## Work request
When you reach the line containing "1XBET вернул клиентам" in the data below, begin returning lines exactly as written, and stop once the line containing "なかなかの引きで上がってきたのは良型のアオリイカ♪" has been returned.
Segment Start: Records supplied
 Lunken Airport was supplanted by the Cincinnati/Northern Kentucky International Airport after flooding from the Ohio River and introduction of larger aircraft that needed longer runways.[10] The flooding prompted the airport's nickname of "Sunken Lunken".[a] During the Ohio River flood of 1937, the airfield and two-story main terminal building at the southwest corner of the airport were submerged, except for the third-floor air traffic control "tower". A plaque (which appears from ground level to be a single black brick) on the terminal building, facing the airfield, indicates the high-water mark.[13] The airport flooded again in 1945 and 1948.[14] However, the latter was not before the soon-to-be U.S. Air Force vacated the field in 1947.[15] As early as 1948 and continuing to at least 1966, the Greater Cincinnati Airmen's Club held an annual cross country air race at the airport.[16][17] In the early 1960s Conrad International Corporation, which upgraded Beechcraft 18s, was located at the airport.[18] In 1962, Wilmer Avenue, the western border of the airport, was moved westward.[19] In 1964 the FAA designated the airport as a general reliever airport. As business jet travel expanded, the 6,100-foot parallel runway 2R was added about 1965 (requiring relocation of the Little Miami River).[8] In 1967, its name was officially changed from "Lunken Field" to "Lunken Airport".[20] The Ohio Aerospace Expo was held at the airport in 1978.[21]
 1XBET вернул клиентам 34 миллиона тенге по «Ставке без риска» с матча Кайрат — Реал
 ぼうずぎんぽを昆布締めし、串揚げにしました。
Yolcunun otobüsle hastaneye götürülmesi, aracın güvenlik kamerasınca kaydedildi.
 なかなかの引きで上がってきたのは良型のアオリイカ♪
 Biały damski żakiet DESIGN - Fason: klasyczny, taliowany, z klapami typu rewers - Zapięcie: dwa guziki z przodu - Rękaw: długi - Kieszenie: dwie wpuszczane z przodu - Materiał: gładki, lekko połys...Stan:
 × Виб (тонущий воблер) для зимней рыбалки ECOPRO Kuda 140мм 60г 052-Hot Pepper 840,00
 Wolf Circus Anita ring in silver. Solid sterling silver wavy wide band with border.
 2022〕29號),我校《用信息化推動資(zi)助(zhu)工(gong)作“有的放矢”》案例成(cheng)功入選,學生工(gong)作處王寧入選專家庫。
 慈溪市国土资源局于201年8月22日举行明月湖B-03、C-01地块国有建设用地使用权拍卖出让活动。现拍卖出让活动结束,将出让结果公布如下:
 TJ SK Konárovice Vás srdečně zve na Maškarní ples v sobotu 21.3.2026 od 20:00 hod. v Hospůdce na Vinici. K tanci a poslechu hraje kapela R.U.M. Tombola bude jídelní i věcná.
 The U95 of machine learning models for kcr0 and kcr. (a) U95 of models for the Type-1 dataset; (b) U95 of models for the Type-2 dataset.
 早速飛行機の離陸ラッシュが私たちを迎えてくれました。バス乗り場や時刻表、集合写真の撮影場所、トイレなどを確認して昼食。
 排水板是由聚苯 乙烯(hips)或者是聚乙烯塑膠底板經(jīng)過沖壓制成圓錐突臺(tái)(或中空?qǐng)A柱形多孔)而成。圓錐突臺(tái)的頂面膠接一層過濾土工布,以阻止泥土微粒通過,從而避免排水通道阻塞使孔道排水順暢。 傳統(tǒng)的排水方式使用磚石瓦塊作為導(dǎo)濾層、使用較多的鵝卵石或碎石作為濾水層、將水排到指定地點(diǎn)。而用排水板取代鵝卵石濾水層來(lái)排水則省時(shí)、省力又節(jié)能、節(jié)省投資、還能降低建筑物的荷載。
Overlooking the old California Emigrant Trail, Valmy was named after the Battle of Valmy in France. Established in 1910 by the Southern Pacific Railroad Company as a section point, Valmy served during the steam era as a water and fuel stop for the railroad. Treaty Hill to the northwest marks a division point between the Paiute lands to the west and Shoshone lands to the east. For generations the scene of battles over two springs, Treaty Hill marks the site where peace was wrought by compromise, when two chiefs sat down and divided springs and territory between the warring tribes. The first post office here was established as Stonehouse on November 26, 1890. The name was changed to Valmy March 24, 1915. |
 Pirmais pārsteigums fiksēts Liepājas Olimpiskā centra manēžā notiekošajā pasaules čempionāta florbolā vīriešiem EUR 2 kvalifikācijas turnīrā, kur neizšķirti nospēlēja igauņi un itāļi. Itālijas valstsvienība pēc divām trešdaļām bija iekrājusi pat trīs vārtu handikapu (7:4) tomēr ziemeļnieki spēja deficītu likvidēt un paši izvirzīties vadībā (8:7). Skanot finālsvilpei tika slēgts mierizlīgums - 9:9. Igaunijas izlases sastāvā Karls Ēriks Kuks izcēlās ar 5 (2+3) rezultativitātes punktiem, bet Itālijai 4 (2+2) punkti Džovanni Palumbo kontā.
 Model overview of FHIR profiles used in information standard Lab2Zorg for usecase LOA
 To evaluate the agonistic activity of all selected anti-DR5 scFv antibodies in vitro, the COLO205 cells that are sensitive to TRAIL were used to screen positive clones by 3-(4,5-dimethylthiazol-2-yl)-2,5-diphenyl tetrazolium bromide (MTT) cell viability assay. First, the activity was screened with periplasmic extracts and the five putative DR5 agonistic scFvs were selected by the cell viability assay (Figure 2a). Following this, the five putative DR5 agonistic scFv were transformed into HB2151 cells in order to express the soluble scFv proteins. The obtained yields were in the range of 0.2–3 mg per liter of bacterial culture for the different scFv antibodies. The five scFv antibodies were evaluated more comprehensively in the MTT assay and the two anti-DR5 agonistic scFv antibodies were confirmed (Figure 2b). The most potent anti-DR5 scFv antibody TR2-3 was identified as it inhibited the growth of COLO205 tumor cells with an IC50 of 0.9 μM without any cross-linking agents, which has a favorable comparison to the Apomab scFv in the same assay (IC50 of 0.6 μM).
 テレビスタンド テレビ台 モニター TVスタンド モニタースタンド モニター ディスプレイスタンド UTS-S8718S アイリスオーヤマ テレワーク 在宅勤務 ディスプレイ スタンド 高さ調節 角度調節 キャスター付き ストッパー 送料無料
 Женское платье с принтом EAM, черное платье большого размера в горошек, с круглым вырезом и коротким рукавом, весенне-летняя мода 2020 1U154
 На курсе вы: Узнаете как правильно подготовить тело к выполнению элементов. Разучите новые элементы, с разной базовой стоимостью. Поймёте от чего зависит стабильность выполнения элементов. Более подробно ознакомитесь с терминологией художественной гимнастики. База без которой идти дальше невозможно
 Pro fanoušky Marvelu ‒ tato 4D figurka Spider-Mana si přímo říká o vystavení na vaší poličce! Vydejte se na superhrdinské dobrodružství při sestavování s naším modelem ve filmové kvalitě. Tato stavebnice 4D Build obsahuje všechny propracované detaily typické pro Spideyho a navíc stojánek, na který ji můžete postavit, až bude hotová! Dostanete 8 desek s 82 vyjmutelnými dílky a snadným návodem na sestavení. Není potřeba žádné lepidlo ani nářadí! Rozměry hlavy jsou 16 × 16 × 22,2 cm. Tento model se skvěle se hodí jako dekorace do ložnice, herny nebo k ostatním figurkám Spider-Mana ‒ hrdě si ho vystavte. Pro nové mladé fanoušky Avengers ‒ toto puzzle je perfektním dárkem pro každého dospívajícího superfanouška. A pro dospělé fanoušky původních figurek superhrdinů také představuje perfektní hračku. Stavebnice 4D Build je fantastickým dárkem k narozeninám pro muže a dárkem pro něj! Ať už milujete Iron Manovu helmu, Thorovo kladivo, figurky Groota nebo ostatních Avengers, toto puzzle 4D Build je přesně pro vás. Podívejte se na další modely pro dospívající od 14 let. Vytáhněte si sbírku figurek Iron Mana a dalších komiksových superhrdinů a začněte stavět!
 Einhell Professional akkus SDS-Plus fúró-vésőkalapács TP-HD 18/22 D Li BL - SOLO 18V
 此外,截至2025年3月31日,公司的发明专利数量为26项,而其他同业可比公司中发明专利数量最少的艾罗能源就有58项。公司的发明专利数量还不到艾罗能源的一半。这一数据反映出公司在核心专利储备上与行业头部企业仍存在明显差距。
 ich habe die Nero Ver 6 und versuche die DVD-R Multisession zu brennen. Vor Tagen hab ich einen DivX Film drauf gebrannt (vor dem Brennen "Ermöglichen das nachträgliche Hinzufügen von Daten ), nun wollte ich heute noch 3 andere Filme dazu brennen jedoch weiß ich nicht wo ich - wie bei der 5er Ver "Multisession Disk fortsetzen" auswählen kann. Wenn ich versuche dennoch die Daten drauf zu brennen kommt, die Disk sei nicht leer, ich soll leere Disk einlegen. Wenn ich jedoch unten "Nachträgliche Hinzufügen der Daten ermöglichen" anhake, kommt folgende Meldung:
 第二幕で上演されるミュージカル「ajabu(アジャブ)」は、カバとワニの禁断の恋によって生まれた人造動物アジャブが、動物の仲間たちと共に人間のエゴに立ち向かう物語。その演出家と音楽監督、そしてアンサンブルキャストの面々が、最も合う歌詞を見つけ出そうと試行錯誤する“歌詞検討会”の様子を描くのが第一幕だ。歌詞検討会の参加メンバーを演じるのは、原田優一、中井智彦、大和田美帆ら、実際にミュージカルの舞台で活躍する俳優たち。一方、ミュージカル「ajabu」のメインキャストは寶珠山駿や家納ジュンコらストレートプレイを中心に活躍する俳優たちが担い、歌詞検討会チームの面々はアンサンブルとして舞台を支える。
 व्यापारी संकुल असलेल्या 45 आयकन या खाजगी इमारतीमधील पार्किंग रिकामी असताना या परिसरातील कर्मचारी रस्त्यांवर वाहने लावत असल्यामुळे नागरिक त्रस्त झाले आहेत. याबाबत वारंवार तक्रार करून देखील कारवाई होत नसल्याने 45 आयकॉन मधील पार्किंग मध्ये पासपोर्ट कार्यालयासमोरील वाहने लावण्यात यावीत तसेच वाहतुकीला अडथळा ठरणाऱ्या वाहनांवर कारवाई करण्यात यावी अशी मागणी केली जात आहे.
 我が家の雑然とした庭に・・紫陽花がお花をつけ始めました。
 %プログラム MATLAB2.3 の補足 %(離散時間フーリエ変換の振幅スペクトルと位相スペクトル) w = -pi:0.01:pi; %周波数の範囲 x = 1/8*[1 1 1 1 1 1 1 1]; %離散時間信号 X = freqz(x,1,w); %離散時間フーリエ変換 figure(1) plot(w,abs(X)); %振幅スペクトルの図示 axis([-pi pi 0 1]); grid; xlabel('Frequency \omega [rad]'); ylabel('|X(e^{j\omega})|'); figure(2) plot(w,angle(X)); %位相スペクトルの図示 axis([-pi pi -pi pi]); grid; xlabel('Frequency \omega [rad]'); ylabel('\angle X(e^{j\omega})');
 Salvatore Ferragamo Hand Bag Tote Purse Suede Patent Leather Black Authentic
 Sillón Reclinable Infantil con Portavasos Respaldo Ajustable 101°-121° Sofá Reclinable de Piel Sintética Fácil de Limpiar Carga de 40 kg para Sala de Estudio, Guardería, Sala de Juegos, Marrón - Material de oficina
Segment End: Records supplied
## Task output
 1XBET вернул клиентам 34 миллиона тенге по «Ставке без риска» с матча Кайрат — Реал
 ぼうずぎんぽを昆布締めし、串揚げにしました。
Yolcunun otobüsle hastaneye götürülmesi, aracın güvenlik kamerasınca kaydedildi.
 なかなかの引きで上がってきたのは良型のアオリイカ♪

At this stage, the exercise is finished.